【野球肩の症例】肩甲骨後面の痛み、回旋筋腱板のオーバーユース
野球肩の症例
腕を振り切った後に右肩が痛い
棘下筋の過剰使用症候群
30代男性 会社員 立川市在住
【初回時の訴えとお悩み】
- 2年程前から野球のスローイングをすると時々右肩に痛みがあった
- それがここ半年、塁間を投げるだけでも毎回右肩後面に痛みが走るようになった
- 日常では肩の痛みはないが肩まわりは凄く固い感じがする
- 高校まで野球部に所属。そこから野球はしていなかったが社会人になって週に1回野球をするようになった
- ポジションはショートとセンターを守っている
- これから野球シーズンなのでしっかりと野球肩を良くしたい
【問診と検査】
- 送球動作:右腕を上げると肩甲骨が挙上
- 関節検査:右肩関節、右肘関節、胸椎、仙腸関節、足関節の可動性制限
- 筋肉検査:右中・下部僧帽筋の筋力低下、右上部僧帽筋、上腕二頭筋の過緊張、オーバーユースによる右棘下筋の短縮
- ランジテスト:左股関節の不安定性(中殿筋の弱化)、左足の内側縦アーチの低下
【施術】
- 肩、肘、背骨と骨盤の歪みを矯正
- 右棘下筋の硬結を押圧、上腕二頭筋を筋膜リリース
- 左中殿筋を強くするように筋紡錘を刺激、左回内足の矯正
- 中殿筋エクササイズと足の内側縦アーチの体操をアドバイス
【施術のご感想】
- 1ヵ月で肩の痛みが解消すると思っていなかったので驚きました
- 痛みで塁間を投げるのもつらかったのに、今では膝立ちの状態で塁間を投げられるようになりました。ここまで楽に投げられるのは高校の時以来で、凄く野球が楽しめています
【担当コメント】
野球のスローイングをした時の肩の痛みを訴えて来院されました。
腕を振り切った後のフォロースルー期における野球肩の原因の多くは、腕の最大外旋位から最大内旋位への動きが制限されていることです。

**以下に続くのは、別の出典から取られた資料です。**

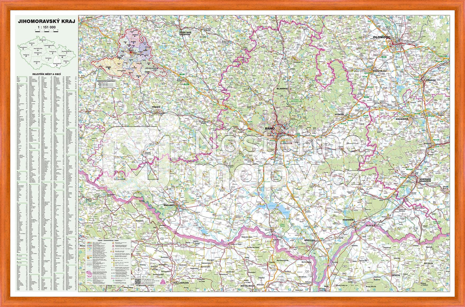 Podrobná mapa Jihomoravského kraje s kompletní silniční sítí, obcemi, vodními plochami, s vyznačením hranic okresů. Doplněna o rejstřík obcí. Mapa je opatřena laminem, které prodlužuje její životnost a chrání ji proti vlhkosti a poškození. Lze popisovat stíratelným fixem.
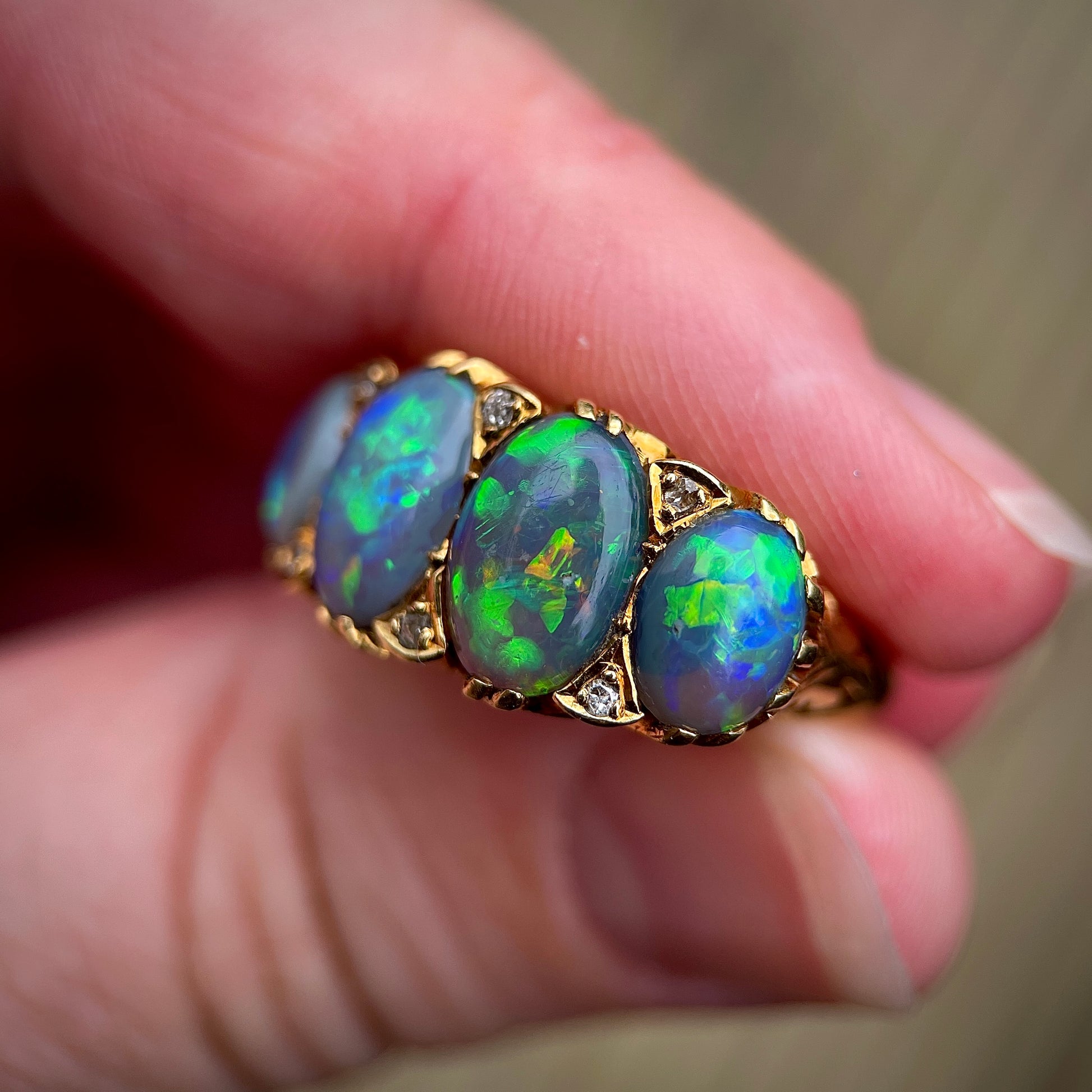 Found within this exquisite 18CT gold Opal & diamond ring are four large, natural Black crystal opals which display desirable vivid colour play

腕を最大外旋するためには胸椎や肩甲骨の内側に寄せる動きが必要になります。この動きに制限があると肩関節を肩甲骨の変わりに過剰に動かす必要がでてきます。その時に使われるのが三角筋後部繊維と回旋筋腱板と呼ばれる肩甲骨後面に付着する筋肉です。
三角筋や棘下筋が過剰に使われる(オーバーユース)と筋肉だけではなく、肩の後方関節包も短縮を起こし、フォロースルー期の腕の内旋を妨げてしまいます。これが野球肩の痛みを引き起こす原因となっていたと考えられます。スポーツ時のフォロースルー障害としては、野球の投球、バレーボールのサーブやアタック、バトミントンのスマッシュ、テニスのサーブなどが起こりやすく、当院でも過去にいくつもの症例を経験しています。

カイロプラクティックの施術はまず肩甲骨を内側に寄せる背筋群の働きを改善するために胸椎や腰部、骨盤の歪みを矯正し、背筋群がうまく使えてきた後は、肩や肘、手首を矯正することで背中と腕の連動性も高めていきました。うつ伏せや座った状態で胸椎~上肢の動きが改善された後は、立った状態で肩周りがうまく使えているかを評価していきます。
ランジ姿勢のように足を前後に開いた体勢で肩の動きを評価すると、左足に過重が掛かった時に足の内側縦アーチが崩れ、左側の股関節がグラグラと不安定になることで、右肩の動きを妨げていました。左足のアーチが下がるとボールリリース時に体が開きやすく、腕を力強く振ることが難しくなります。そのため、左足の歪みと左中殿筋の筋力低下を改善するように施術を加え、自宅でも足腰を強化するエクササイズを行って頂きました。
6回の施術を行い、立った状態で肩の動きが改善してくると、塁間を痛みなく投げられるようになりました。10回の施術時には遠投もできるようになって、楽しく野球ができているとお話を聞いています。野球肩でお困りの方の多くは身体の使い方にも強い癖がみられます。痛みが改善しても肩の使い方が悪いと再発につながりますので、肩の負担が少ない投げ方や身体の動かし方も覚えて頂くことをお勧めしています。